Problem requirements
Within the records below, find the line with "Erster Bürgermeister Michael" and the line with "本人のX悲惨なことになってる", then reproduce exactly those two lines and all lines between them, without any picture.

Dataset content
────────

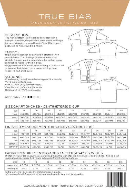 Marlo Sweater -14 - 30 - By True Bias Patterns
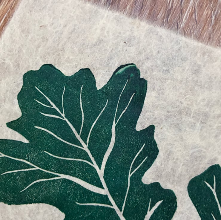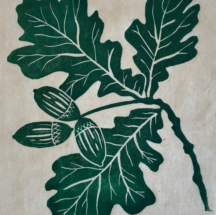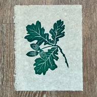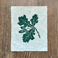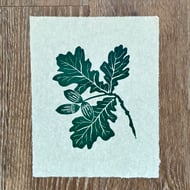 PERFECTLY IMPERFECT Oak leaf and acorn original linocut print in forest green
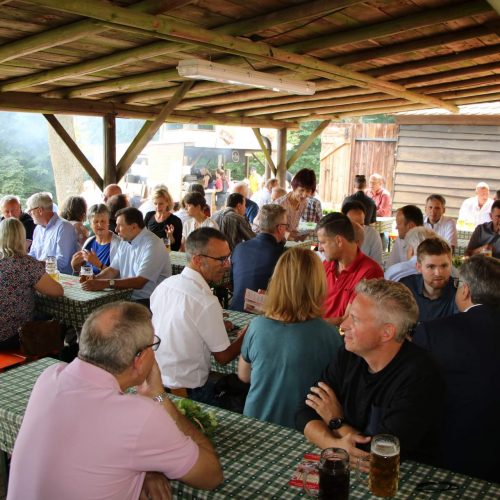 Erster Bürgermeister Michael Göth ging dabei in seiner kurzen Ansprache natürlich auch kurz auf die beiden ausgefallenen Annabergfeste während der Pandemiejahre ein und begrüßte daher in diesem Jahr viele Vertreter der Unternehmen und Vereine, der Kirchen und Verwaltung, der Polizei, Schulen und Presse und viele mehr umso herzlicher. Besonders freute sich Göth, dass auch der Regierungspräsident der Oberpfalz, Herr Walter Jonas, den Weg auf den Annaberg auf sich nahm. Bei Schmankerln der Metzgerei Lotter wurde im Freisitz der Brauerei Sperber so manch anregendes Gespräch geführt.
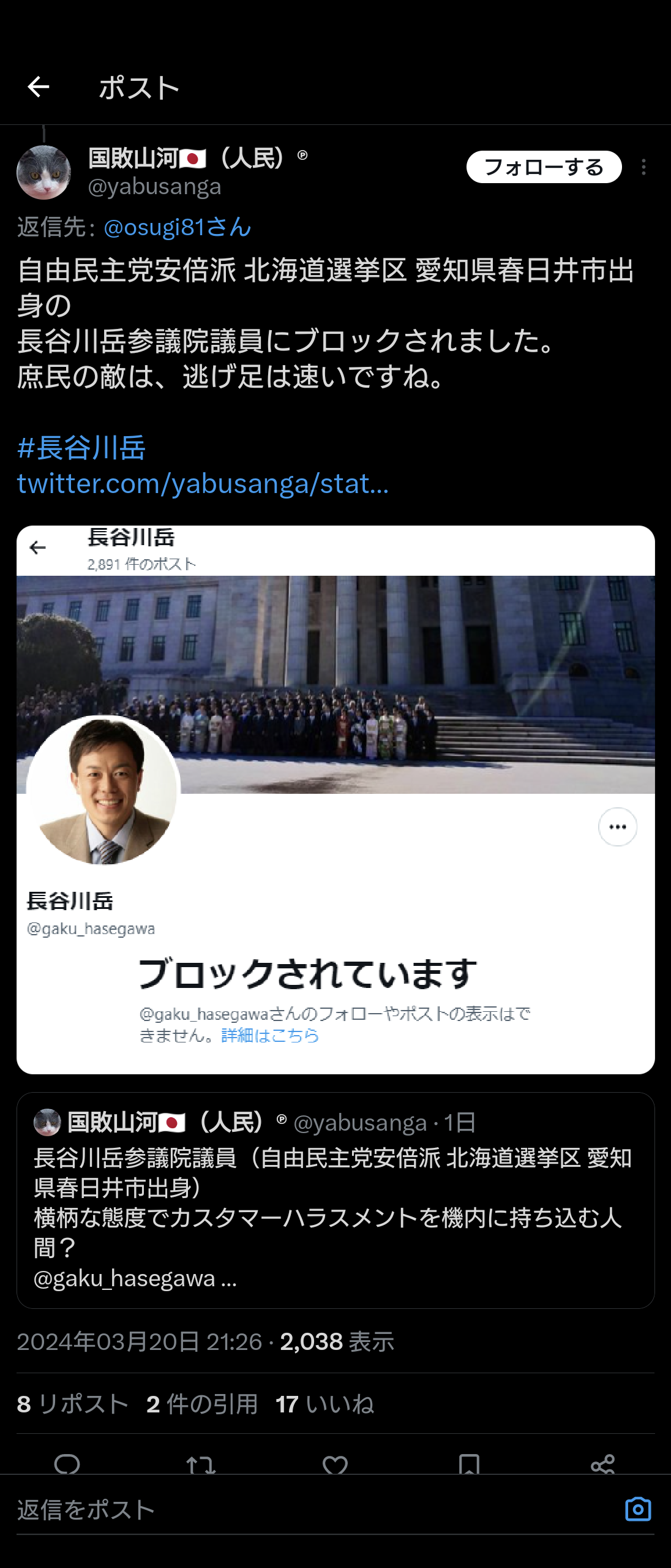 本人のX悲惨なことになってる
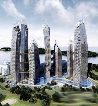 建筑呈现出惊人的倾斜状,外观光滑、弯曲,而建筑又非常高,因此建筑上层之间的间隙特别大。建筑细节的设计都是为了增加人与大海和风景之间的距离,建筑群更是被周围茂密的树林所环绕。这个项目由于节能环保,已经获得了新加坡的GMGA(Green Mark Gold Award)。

────────

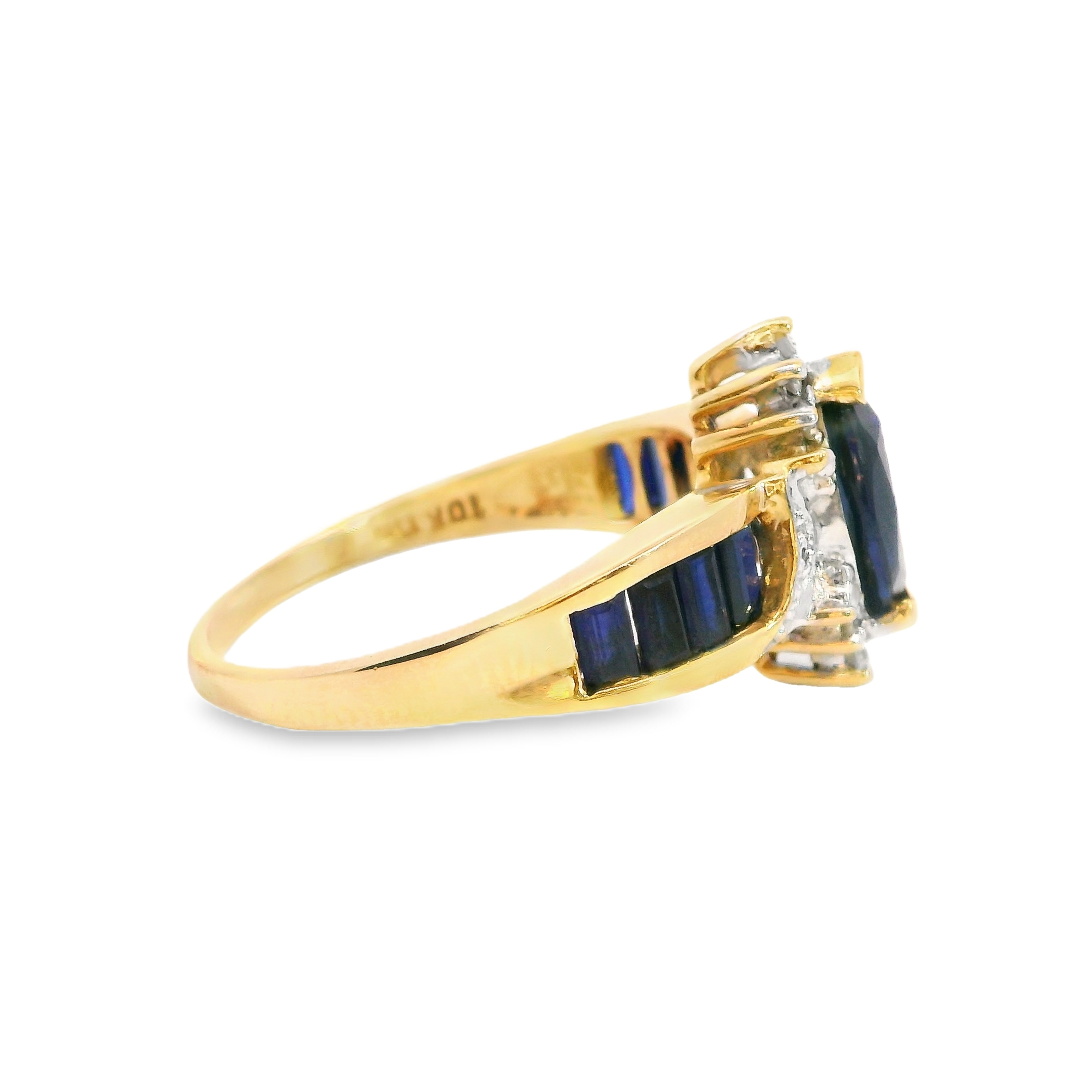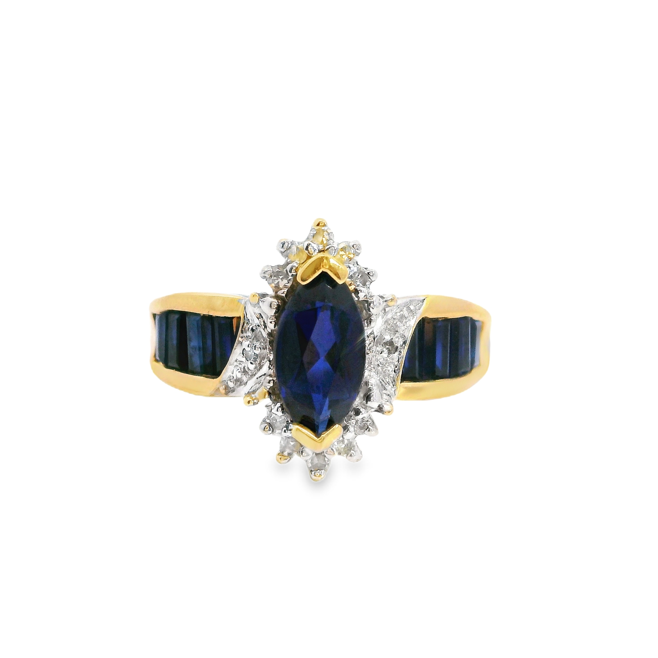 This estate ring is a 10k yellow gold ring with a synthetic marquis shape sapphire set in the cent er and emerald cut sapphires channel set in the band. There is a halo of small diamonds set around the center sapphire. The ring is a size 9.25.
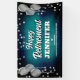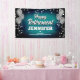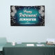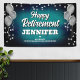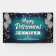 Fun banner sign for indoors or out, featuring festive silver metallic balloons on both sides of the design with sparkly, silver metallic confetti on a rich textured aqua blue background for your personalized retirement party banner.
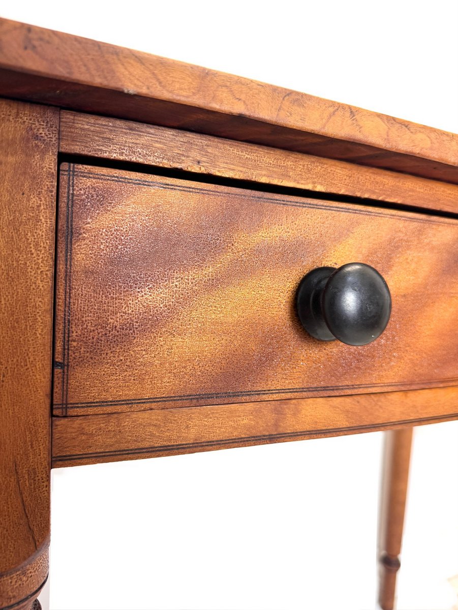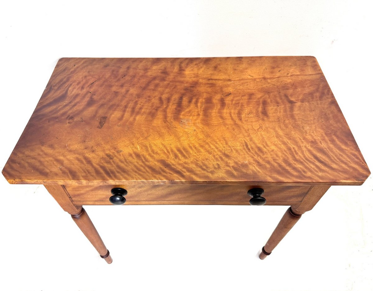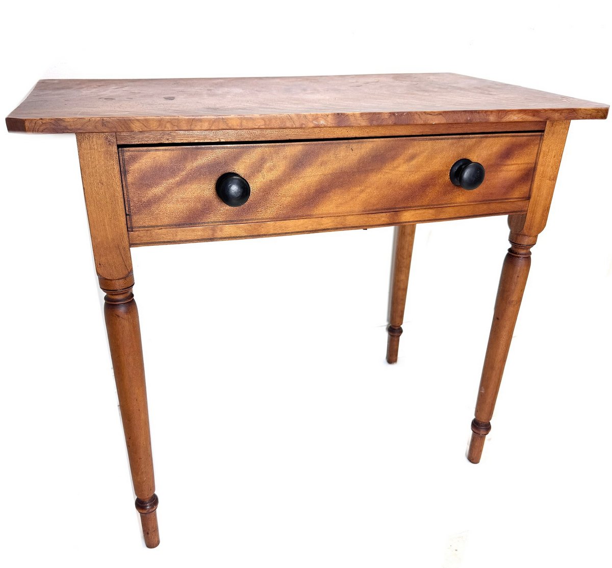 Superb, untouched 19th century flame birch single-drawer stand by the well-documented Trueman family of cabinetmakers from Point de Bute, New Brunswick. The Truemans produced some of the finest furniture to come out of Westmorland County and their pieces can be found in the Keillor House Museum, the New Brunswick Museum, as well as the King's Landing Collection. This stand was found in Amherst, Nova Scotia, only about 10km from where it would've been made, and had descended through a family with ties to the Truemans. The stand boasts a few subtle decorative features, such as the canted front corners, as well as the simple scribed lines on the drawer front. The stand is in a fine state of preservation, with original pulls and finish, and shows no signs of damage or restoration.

────────

Answer for the task
 Erster Bürgermeister Michael Göth ging dabei in seiner kurzen Ansprache natürlich auch kurz auf die beiden ausgefallenen Annabergfeste während der Pandemiejahre ein und begrüßte daher in diesem Jahr viele Vertreter der Unternehmen und Vereine, der Kirchen und Verwaltung, der Polizei, Schulen und Presse und viele mehr umso herzlicher. Besonders freute sich Göth, dass auch der Regierungspräsident der Oberpfalz, Herr Walter Jonas, den Weg auf den Annaberg auf sich nahm. Bei Schmankerln der Metzgerei Lotter wurde im Freisitz der Brauerei Sperber so manch anregendes Gespräch geführt.
 本人のX悲惨なことになってる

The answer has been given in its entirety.